Они поднажали на педали. Кевин работал изо всех сил, не сводя глаз с рычагов управления и неистового правого кулака Рамоны. Он считал историю Рамоны в каком-то отношении удивительной. Не мог он понять Альфредо. Иметь возможность любить прекрасную женщину, которая сидит сейчас рядом с ним, наблюдать, как развивается в ней ребенок, их ребенок… Кевин почти задохнулся от такой мысли, внезапно испугавшись ощущения собственного тела, почувствовав шевеление между ног…
Он отогнал прочь грешные мысли и глянул вниз. Земля была совсем близко.
– Так, – проговорил Кевин, уже смирившись с неизбежной аварией. – Ну и на чем ты остановилась?

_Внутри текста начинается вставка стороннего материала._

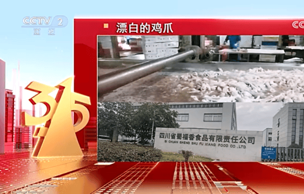 今年央视(shi)315晚会曝光(guang)“漂白(bai)的(de)鸡(ji)爪”,四(si)川(chuan)省蜀福香食品有限责任公司被点名。

– Я действительно разозлилась и, видимо, стала это все излишне выпячивать; ведь ни о чем другом я и думать не могла. Ну и Альфредо, он тоже на меня очень рассердился, и…
Она заплакала.
– Эх, Рамона… – сказал Кевин.
Вот что значит выбрать не тот галс. Прямой путь – не всегда самый лучший. Он сейчас работал за двоих – похоже, Рамона вообще прекратила крутить педали. Да, не вовремя он ее растревожил. Кевин стиснул зубы и вытянул шею, как лошадь на аркане, жмя из последних сил, но планер продолжал резко снижаться, заваливаясь на бок. До чего тугие педали!.. «Кондор» падал прямо на холм возле Тастина. Рамона сидела, сморщив лицо и накрепко зажмурив глаза, будто хотела, чтобы из них не упало ни слезинки. Она была слишком расстроена, чтобы хоть что-то замечать. Кевин понял, что их дела плохи. Аварии со смертельным исходом в таких случаях совсем не редкость.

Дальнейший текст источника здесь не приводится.